Unlike most cryptocurrency hacks that have been reported in recent years (including those associated with Bitcoin), this one is not said to have been intentional or malicious in any way. It was a simple mistake – and yet one that has created major turmoil amongst cryptocurrency holders everywhere who are now questioning whether or not their funds are truly safe when stored in online digital wallets such as Ethereum, which clearly has some serious problems.
In this case, Ethereum’s digital app platform, which was built by a developer known as Parity, failed to keep Ether funds from being unintentionally eliminated due to human error. In fact, the developer’s “panicked” efforts to salvage the funds by returning them back to their rightful owners only made the problem worse.
As the whole fiasco was taking place, hackers apparently entered the system and stole about $32 million worth of the misplaced coins from several of the multi-signature wallets, which is bad enough on its own. But in the process of the developer trying to remedy the problem, a second flaw was exposed that resulted in one user becoming the sole owner of every single multi-signature wallet on the platform.
“The user, ‘devops199,’ triggered the flaw apparently by accident,” writes Alex Hern for The Guardian. “When they realised what they had done, they attempted to undo the damage by deleting the code which had transferred ownership of the funds. Rather than returning the money, however, that simply locked all the funds in those multisignature wallets permanently, with no way to access them. …
“Effectively, a user accidentally stole hundreds of wallets simultaneously, and then set them on fire in a panic while trying to give them back.”
This seems to be a trend with Ethereum. There have been numerous flaws and bugs exposed in the system over the years that developers have attempted to “fix,” but every time they do so, it almost always seems to expose several more that result in even worse outcomes, such as occurred two years back when $150 million worth of Ether was stolen as part of a vulnerability hack.
In this instance, the Ethereum platform was put on what’s known as a “hard fork,” which while successful hasn’t stemmed the tide of problems for the cryptocurrency platform. The recent accidental theft of the $300 million in Ether is what exposed the July bug that led to the $32 million in Ether being stolen by a hacker, which prompted what reports call a “marathon coding and hacking effort” to fix the problem. And yet it was this “fix” that led to the most recent loss of the $300 million in Ether.

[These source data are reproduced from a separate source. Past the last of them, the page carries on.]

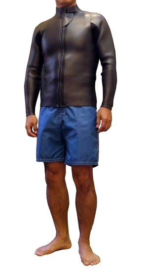 作ってもらったのは3mmのネッスルスキン。タッパーよりもしっかりとしたイメージ。丈も長めで腰下までしっかりカバーしてくれます。そんな、こんなで「ジャケット」。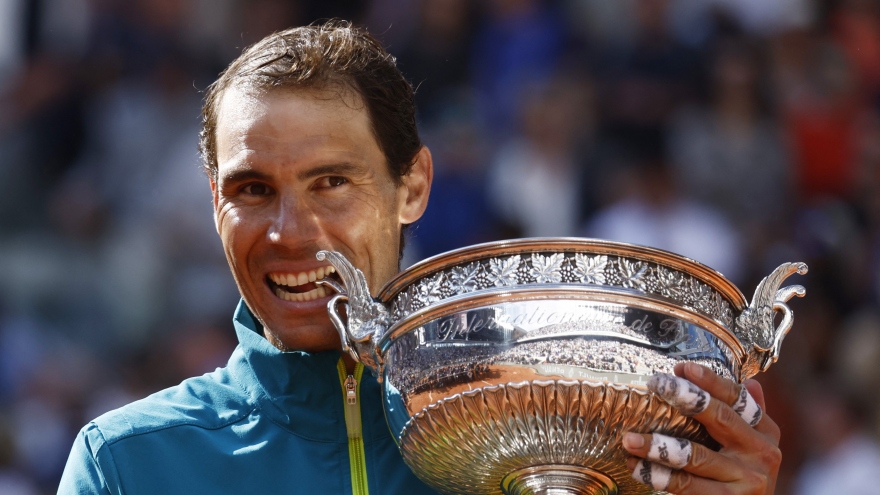 VOV.VN - Rafael Nadal đã có chiến thắng áp đảo 3-0 trước Casper Ruud để đăng quang Roland Garros 2022, danh hiệu thứ 14 của anh ở Grand Slam trên mặt sân đất nện.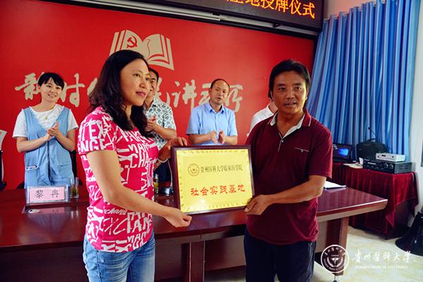 25日上午,志愿队到达黔西县铁石乡青杠坝村开展“大医精诚 大爱有魂 白衣之梦 仁心无疆”医疗义诊活动,为村民送药送诊。启动爱心健康咨询服务、发放常见药品、禁毒知识及大学生资助政策宣传。通过义诊,让社会更加了解医学贡献,倡导社会尊重医师、尊重医学,促进和谐医患关系的构建,增强医学生社会责任感。黔西县人大常委会副主任敖西洛、铁石苗族彝族乡党委书记龚思伟、副书记郭智永、团委书记付雯出席共建大学生社会实践基地启动会。敖西洛表示大力支持基地建设工作,在实践育人中促进高校与地方和谐发展作用。龚思伟介绍今年铁石乡接受脱贫攻坚验收情况,表示青杠坝村目前处于深度贫困,仍需要各界关注和支持。郭志永给志愿者们分享自己曾担任学生会主席的励志事迹,并对“振兴乡村”中扶贫的方向定位作交流。付雯介绍脱贫攻坚战全体乡镇人员奋斗在一线的感人事迹。周红与村委会签订《共建大学生社会实践基地协议》,awc777万象城娱乐官网临床医学院社会实践基地挂牌。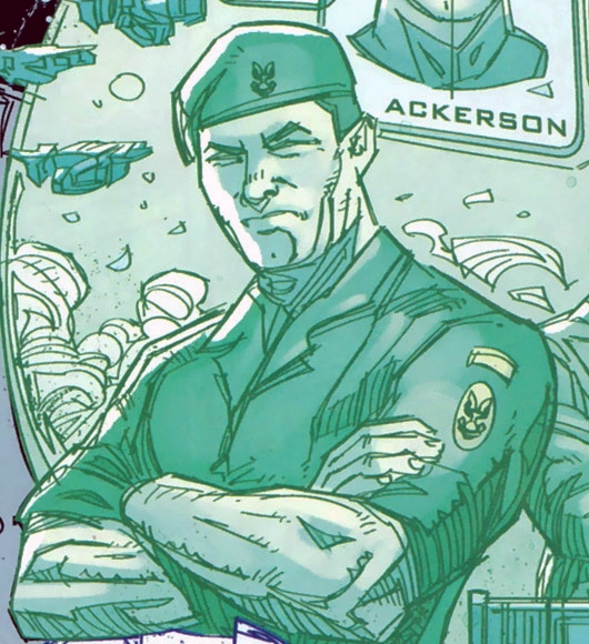 Джеймс Акерсон - полковник сухопутных войск Космического Командования Объединенных Наций и сотрудник Службы военной разведки. В его послужном списке написано, что он пережил, по крайней мере, три сражения с Ковенантом, а в самом начале войны с Ковенантом он добился повышения и участия в десятке секретных операций. СВР наняло Акерсона в качестве офицера связи, который бы поддерживал отношения между военной разведкой и армией.[2]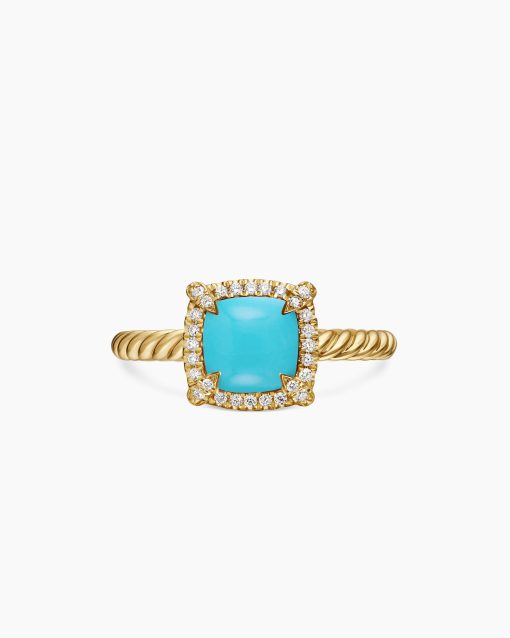 The Châtelaine® Collection is a perfect fusion of David and Sybil Yurman’s combined art—the marriage of a sculptor and a painter—form and color. 18-karat yellow goldTurquoise, 1.07 total carat weightStone, 7mmPavé diamonds, 0.11 total carat weightRing, 9.8mmThis item can be resized. Please contact customer care for more information.This item can be engraved. Please contact customer care for more information.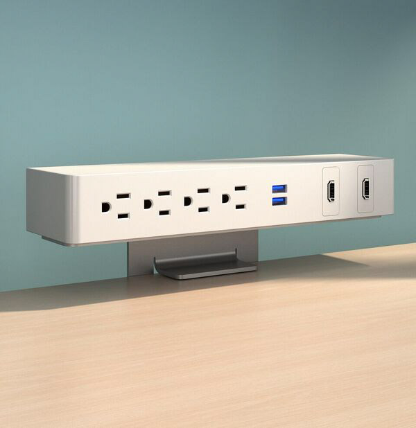 Under-mounted power strips are an ideal solution for helping manage cables in height-adjustable applications.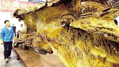 记者注意到,一件巨大的樟木木雕吸引了众多的观众。和它巨大的身躯相匹配的,还有它不菲的“身价”。据木雕的主人介绍,这件木雕作品来自福建,是由一棵巨大的香樟树树干雕琢而成。树干有一部分空了,工人们根据树干自身的形状,创造出了这个名为“万里江山”的艺术作品,大气磅礴,巧夺天工,中间空的部分雕刻上了毛泽东的诗词《沁园春·雪》,每一个细节都非常精致。“这件木雕长5米多,高3米多,是由几名工人花了大概8个月的时间雕成的,售价为88万元。”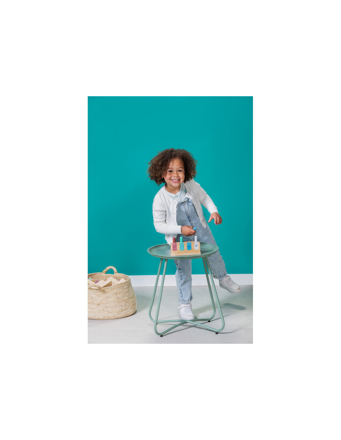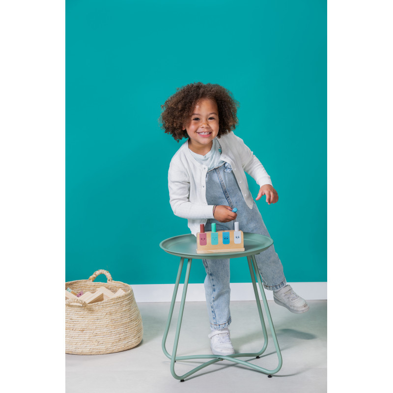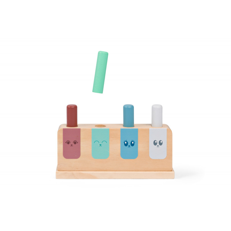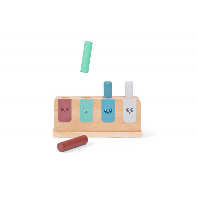 O jucarie plina de surprize si voie buna! Apasa piesele in jos si priveste cum sar in sus, spre amuzamentul celor mici. Perfecta pentru joaca zilnica, stimuland curiozitatea si coordonarea mana–ochi.Continutul setului:1 baza din lemn4 betisoare colorateCe dezvolta acest joc:• motricitate fina si indemanare• curiozitate si explorare senzoriala• recunoasterea culorilor si atentia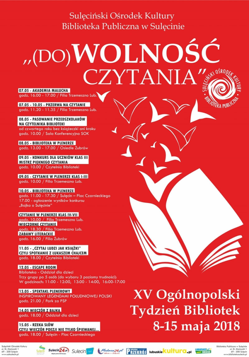 Głównym celem Tygodnia Bibliotek jest podkreślanie roli czytania i bibliotek w poprawie jakości życia, edukacji oraz zwiększenie prestiżu zawodu bibliotekarza i zainteresowania książką szerokich kręgów społeczeństwa. Hasło tegorocznego Tygodnia Bibliotek 2018 brzmi: (DO)WOLNOŚĆ CZYTANIA. Jak możemy to zinterpretować?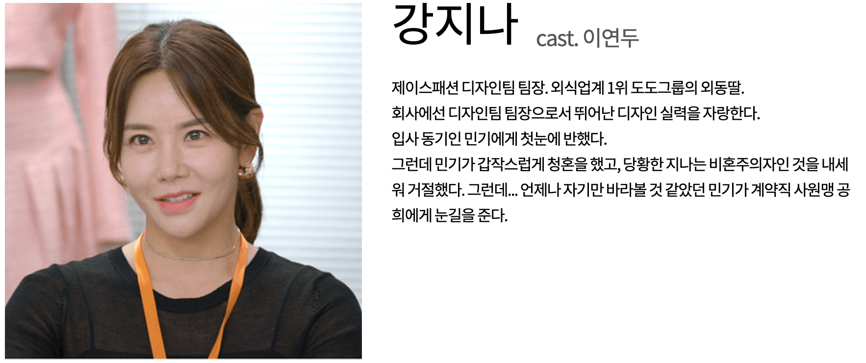 - 강지나 (이연두): 제이스패션 디자인팀 팀장. 외식업계 1위 도도그룹의 외동딸로 뛰어난 디자인 실력을 자랑한다.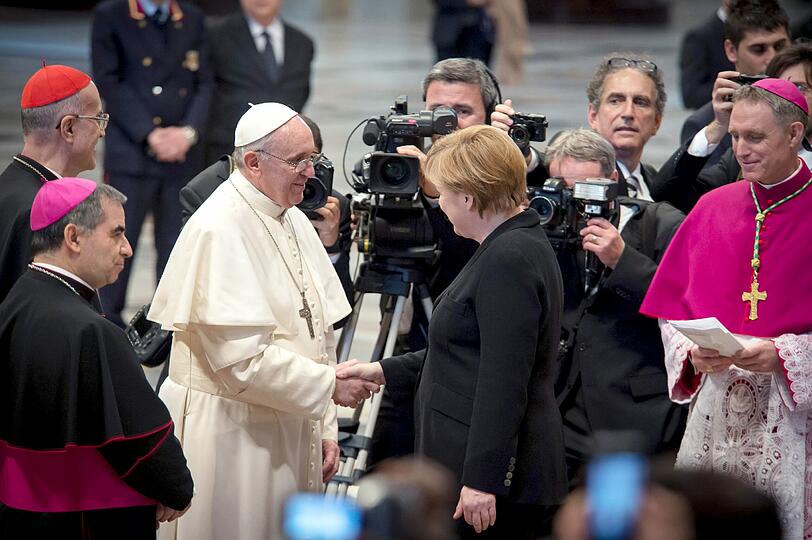 Aus Europa begrüßten den Papst im Petersdom unter anderen Bundeskanzlerin Angela Merkel, der italienische Staatspräsident Staatspräsident Giorgio Napolitano und Ministerpräsident Mario Monti, sowie die Regierungschefs Frankreichs und Spaniens, Jean-Marc Ayrault und Mariano Rajoy.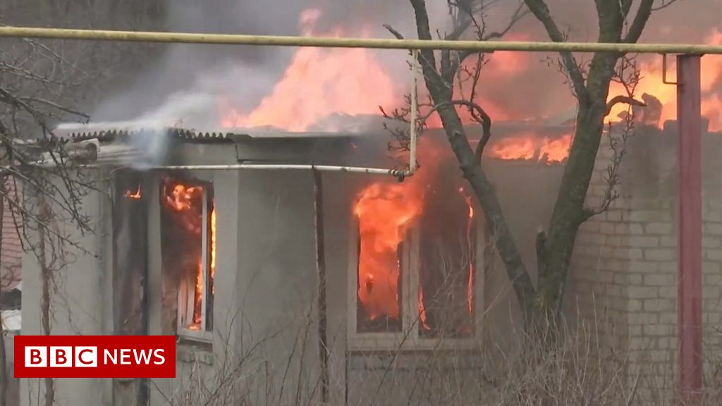 Buildings were on fire and cars were destroyed after shelling in the separatist-controlled city of Donetsk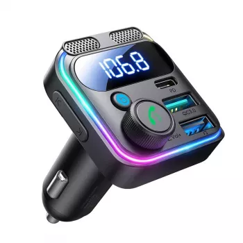 48W Bluetooth 5.3 Car FM Transmitter with Dual Mics & Fast Charging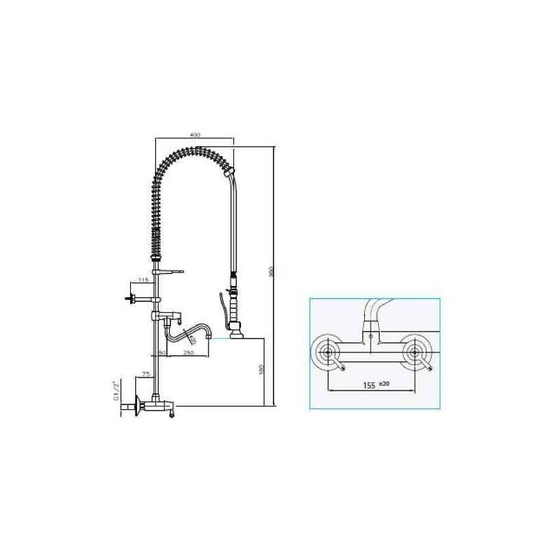 Torneira de chuveiro profissional de parede 2 águas com bico EDENOX GDP2C S1
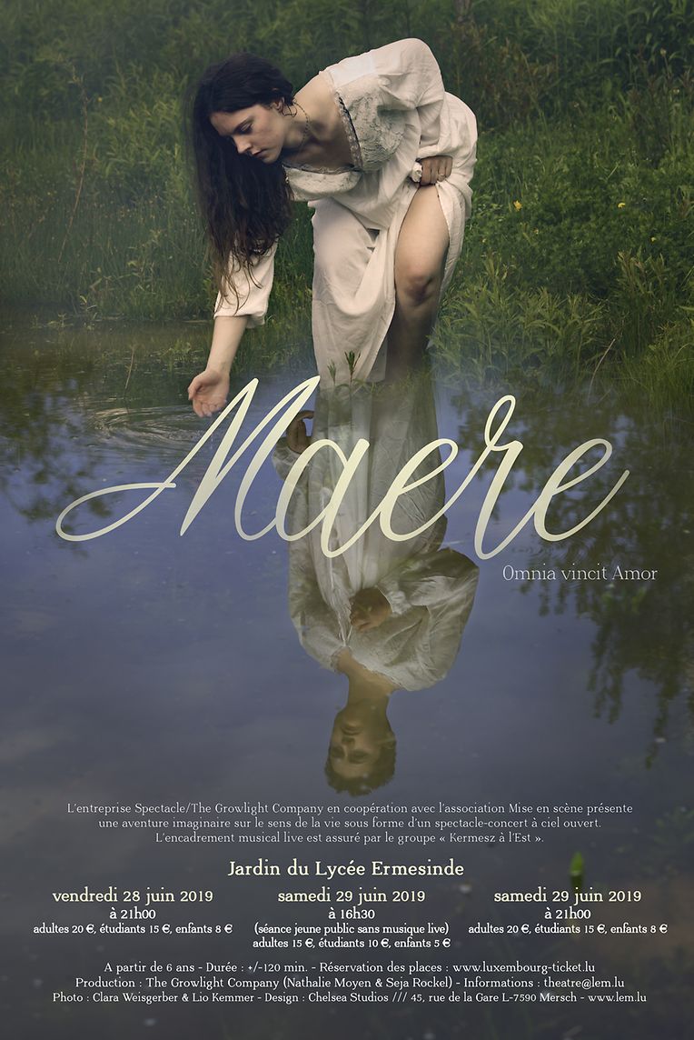 L’entreprise Spectacle/The Growlight Company du Lycée Ermesinde en coopération avec l’a.s.b.l. Mise en scène présente Maere (Omnia vincit Amor), une aventure imaginaire sur le sens de la vie sous forme d’un spectacle-concert à ciel ouvert vendredi 28 et samedi 29 juin 2019 au Lycée Ermesinde à Mersch. L’encadrement musical live est assuré par le groupe « Kermesz à l’Est ».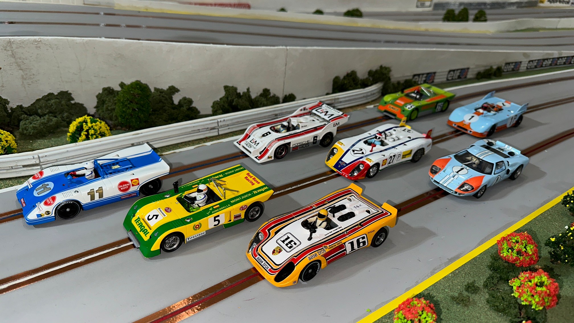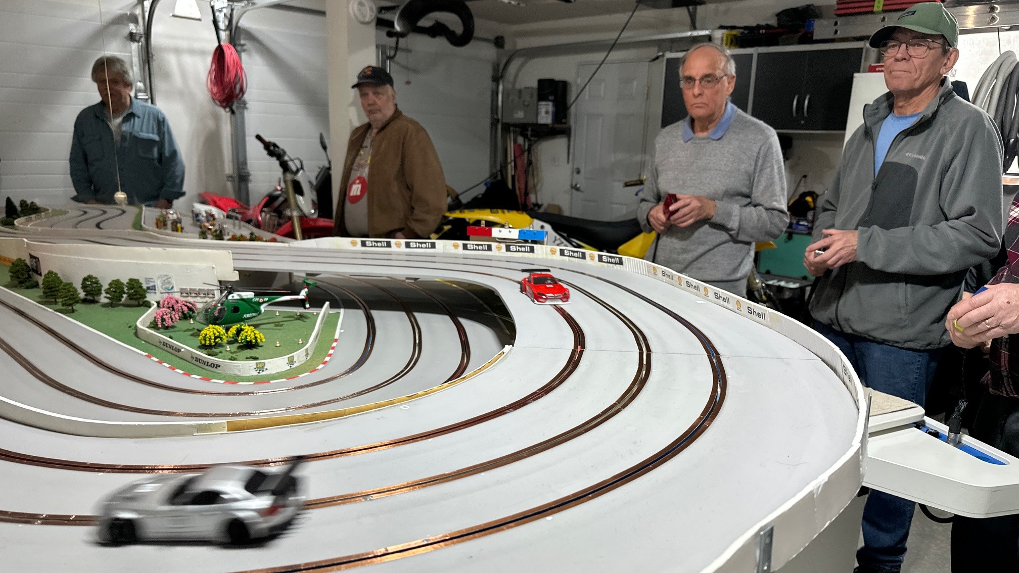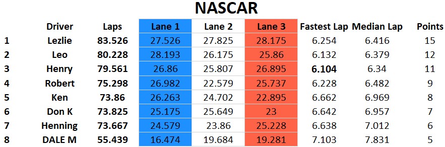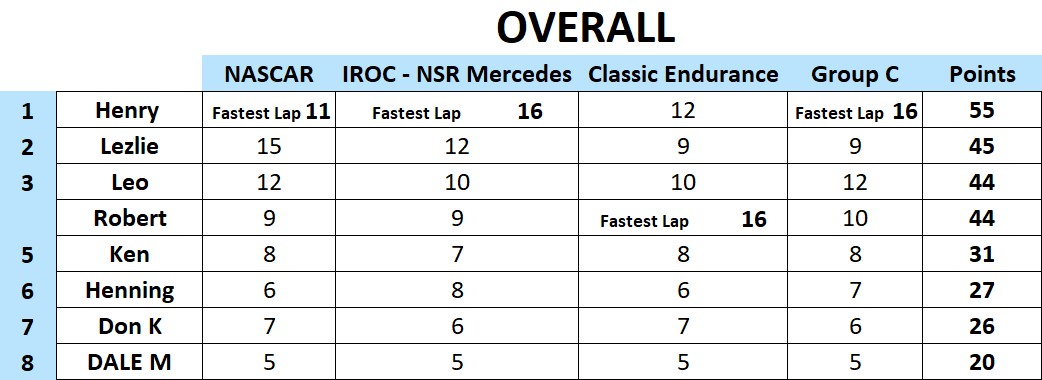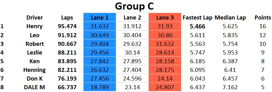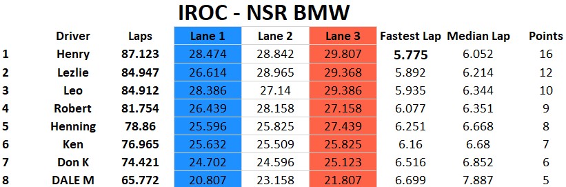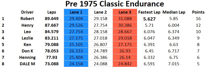 I think we had the closest finish on the podium ever this past race at Rogers Raceway. Four cars on the podium and three of the cars were within a point of each other. Congratulations to Henry for the win and followed by Lezlie, Leo and Rob on the podium. Ken finished a solid fifth and Henning in sixth managed to stay ahead of Don by one point. Newcomer Dale finished in eighth. Classes raced were Scalextric Nascar, NSR BMW, Fly Classics, and Slot.it Group C.

“The Parity vulnerability was the result of an incorrectly coded smart contract used by the Parity wallet to store tokens on the Ethereum network,” stated Dominc Williams, founder of the blockchain firm DFINITY.
“The vulnerability made it possible for anyone to ‘freeze’ the tokens held by that smart contract, making them immovable. At this time, the only method we are aware of to ‘unfreeze’ tokens held by the vulnerable smart contract would be to create a new ‘hard fork’ Ethereum client that deploys a fix. This would require every full node on the Ethereum network to upgrade by the date of the hard fork to stay in sync, including all miners, wallets, exchanges, etc.”